He's addicted to expensive concert tickets and wasting money



My partner loves music and is a diehard concert-goer. I'm concerned about the money he's spending on concert tickets. It's not that he goes to the concert it's that he goes for the most expensive seating areas and says it's the full experience. He won't go for cheaper tickets at the back because you don't enjoy the concert the same. And depending on who the concert is, he might even travel to go see it or buy a bunch of souvenirs. So between that and the cost of tickets, he's spending so much. I'd rather he be saving money for our future (house buying to get out of our apartment, etc.).

Oh yes, the dreaded argument over household finances. Although, it doesn't sound like this is an argument quite yet. Or is it?
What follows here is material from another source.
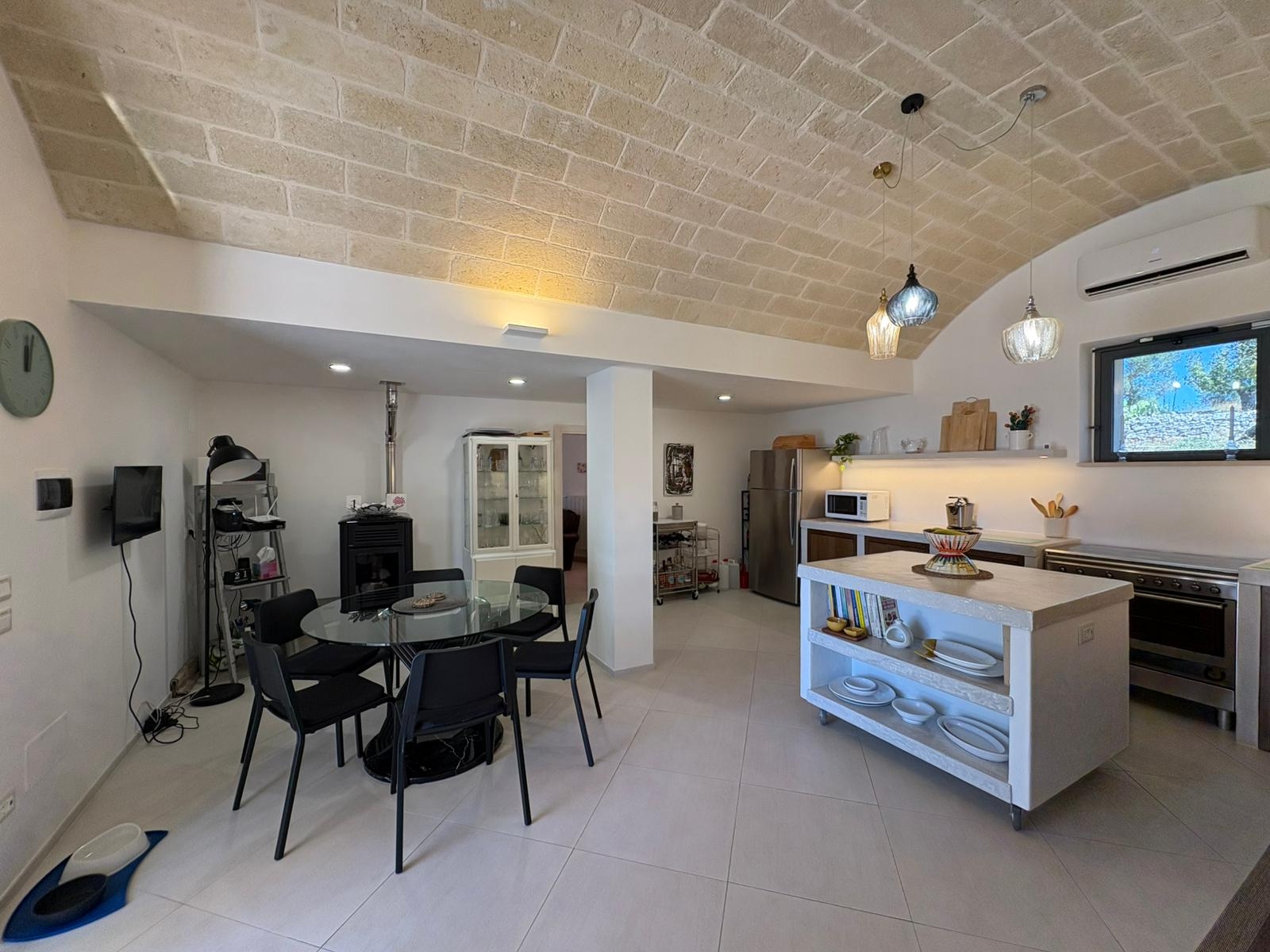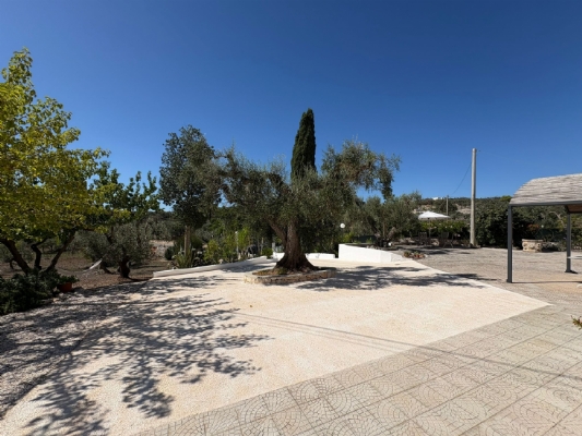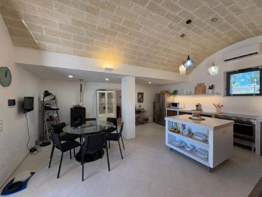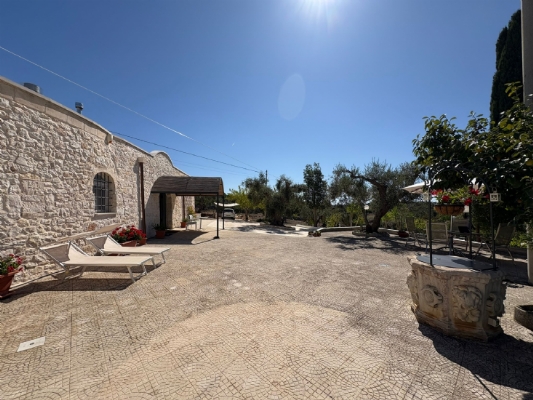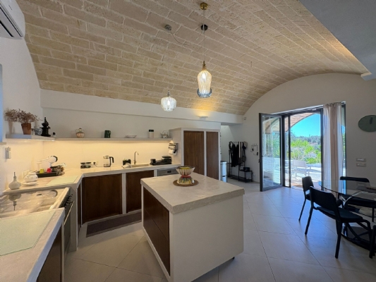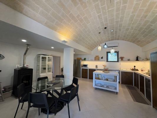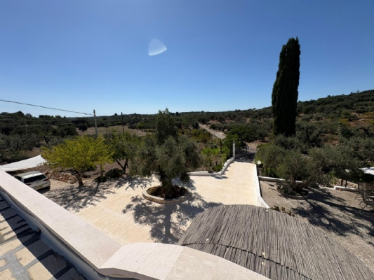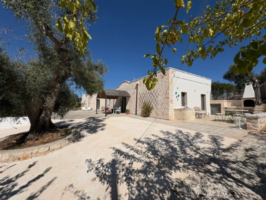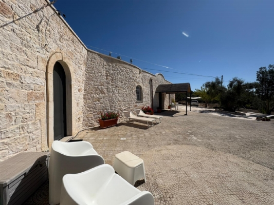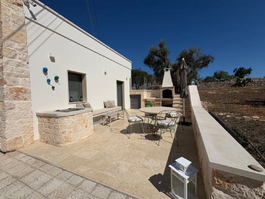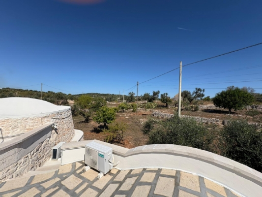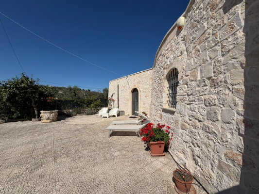 RUSTICO CON TRULLO OSTUNESE IN VALLE D'ITRA Interno del Rustico con Trullo Ostunese Cucina abitabile:Entrando nel Casale del Trullo, si accede direttamente alla cucina abitabile, moderna e funzionale, luminosa e spaziosa. Un ambiente ideale per chi ama cucinare e ospitare, con spazio per un tavolo conviviale e per momenti di vita quotidiana in famiglia. Soggiorno:Proseguendo, si raggiunge l'ampio soggiorno, cuore della casa, arredato con gusto e dotato di stufa in ghisa. Uno spazio accogliente e luminoso, perfetto per rilassarsi e trascorrere momenti di convivialità con amici e familiari. Camere da letto: La prima camera, finestrata in pietra, conserva il fascino autentico della tradizione pugliese. La seconda camera, con porta-finestra, è luminosa e ariosa, con facile accesso agli spazi esterni. La terza camera, anch'essa finestrata, è accogliente e riservata, perfetta per ospiti o studio. Bagni:La casa dispone di due bagni, uno finestrato con pietra a vista, elegante e caratteristico, e l'altro moderno, completo di tutti i comfort. Zona relax esterna:Completano la proprietà gli spazi esterni pensati per il benessere e il relax: una zona relax esterna panoramica, ideale per godersi il sole e la vista sulla Valle d'Itria. Esterni e comfort : Ampio patio con parcheggio privato Zona barbecue con lavandino Terreno con ulivi e alberi da frutta Deposito attrezzi e scala per terrazza panoramica Permesso approvato per piscina di 40 mq Riscaldamento a pellet con radiatori, stufa a legna in ghisa e climatizzatori caldo/freddo Allarme, porte e finestre antisfondamento Elettrodomestici inclusi: lavastoviglie, lavatrice, asciugatrice Due scaldabagni per l'acqua calda Due cisterne: una per l' irrigazione esterna ed una per l'immobile Irrigazone esterna ed illuminazione automatica Classe Energetica: G La proprietà dista solo 1km circa da CASALINI, piccolo centro abitato attrezzato di tutti i servizi primari (Supermercato, Fruttivendolo, Bar, Tabacchificio, Panificio, Ristoranti)

It's a tough one because his money is his money. True, you might be combining incomes to manage your finances but at the end of the day, yup, it's still his money. It doesn't sound like he's not pulling his own weight, it sounds like he's just not preparing for the future. And you know what, a lot of people don't. Now, if you told me he's dipping into his share of the rent money and you two are coming up short, then sure, I'd say he's in the wrong.

I'd get on his case if he's not paying bills that are his responsibility or if you're having to pick up the slack to cover for him. But, saving, while responsible, isn't necessarily a requirement in adulting.

I know you probably expected me to take your side on this and tell you you're right and he's wrong but I'm not going to do that. It sounds like concerts are his hobby -- maybe even a passion. Some people enjoy dining out or travelling (as he does for concerts) or collecting art or being parents. Would you rather he be a gambling addict or blowing all of his money on illicit drugs? (And, are you telling me that you save every penny and not enjoy yourself even just a little bit every now and then? Really though? Really?)

OK, so let's get to the relationship angle of this whole problem because you wanted advice and not just a lecture.

This isn't about him being "wrong" for loving music, nor is it about you being "boring" for wanting to save. It's about a fundamental difference in how you both prioritize immediate gratification versus long-term security.

This isn't a problem to solve for him, but a conversation to have with him. Approach this not as an accusation about his spending, but as a discussion about your shared future. It sounds like you're more focused on that, while he's living in the moment. 

Suggest sitting down together to map out your shared financial goals – that house deposit, for example. Once you have those clear goals, you can work backward to create a budget that allows for both saving and enjoyment. Maybe he can still go to those bucket-list concerts with the expensive seats, but perhaps less frequently. Could he attend a few shows in cheaper sections, saving the premium tickets for truly once-in-a-lifetime events? Would he be open to setting a specific "fun money" budget for his concerts, travel and souvenirs, ensuring it doesn't derail your joint savings?

But, I'll say it one more time: his money is his money. You haven't said he's straining your household finances. You're forward thinking while he's not -- and, while it's probably something he should consider -- he's not obligated to do it.